Copy the lines below, beginning with the one that contains "Ultra jaka, mekana" and continuing through the final line, exactly as written and with no other lines.

Provided data:
--

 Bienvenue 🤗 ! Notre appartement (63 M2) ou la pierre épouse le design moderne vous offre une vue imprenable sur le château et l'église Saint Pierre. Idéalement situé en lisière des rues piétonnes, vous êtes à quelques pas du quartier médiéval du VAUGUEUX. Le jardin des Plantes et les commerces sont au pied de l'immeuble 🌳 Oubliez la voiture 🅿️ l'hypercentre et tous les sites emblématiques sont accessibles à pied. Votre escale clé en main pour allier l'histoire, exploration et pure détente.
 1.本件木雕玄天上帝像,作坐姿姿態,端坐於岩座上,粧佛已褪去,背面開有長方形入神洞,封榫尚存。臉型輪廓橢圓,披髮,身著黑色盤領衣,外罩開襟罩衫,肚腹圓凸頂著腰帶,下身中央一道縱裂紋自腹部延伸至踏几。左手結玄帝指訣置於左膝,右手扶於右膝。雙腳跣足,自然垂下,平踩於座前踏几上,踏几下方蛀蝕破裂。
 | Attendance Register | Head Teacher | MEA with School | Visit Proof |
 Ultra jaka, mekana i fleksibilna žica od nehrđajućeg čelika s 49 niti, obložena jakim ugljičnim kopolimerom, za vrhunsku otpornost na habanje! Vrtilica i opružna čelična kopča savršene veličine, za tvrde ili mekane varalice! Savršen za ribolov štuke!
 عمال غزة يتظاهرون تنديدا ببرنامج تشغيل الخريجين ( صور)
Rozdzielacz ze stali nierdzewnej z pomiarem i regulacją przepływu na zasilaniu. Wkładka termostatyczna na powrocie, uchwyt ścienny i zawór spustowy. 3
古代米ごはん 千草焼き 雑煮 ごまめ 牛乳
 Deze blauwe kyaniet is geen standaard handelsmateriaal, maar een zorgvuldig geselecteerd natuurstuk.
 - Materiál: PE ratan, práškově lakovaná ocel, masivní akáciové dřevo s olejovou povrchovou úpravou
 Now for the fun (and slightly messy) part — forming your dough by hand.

--

Task answer:
 Ultra jaka, mekana i fleksibilna žica od nehrđajućeg čelika s 49 niti, obložena jakim ugljičnim kopolimerom, za vrhunsku otpornost na habanje! Vrtilica i opružna čelična kopča savršene veličine, za tvrde ili mekane varalice! Savršen za ribolov štuke!
 عمال غزة يتظاهرون تنديدا ببرنامج تشغيل الخريجين ( صور)
Rozdzielacz ze stali nierdzewnej z pomiarem i regulacją przepływu na zasilaniu. Wkładka termostatyczna na powrocie, uchwyt ścienny i zawór spustowy. 3
古代米ごはん 千草焼き 雑煮 ごまめ 牛乳
 Deze blauwe kyaniet is geen standaard handelsmateriaal, maar een zorgvuldig geselecteerd natuurstuk.
 - Materiál: PE ratan, práškově lakovaná ocel, masivní akáciové dřevo s olejovou povrchovou úpravou
 Now for the fun (and slightly messy) part — forming your dough by hand.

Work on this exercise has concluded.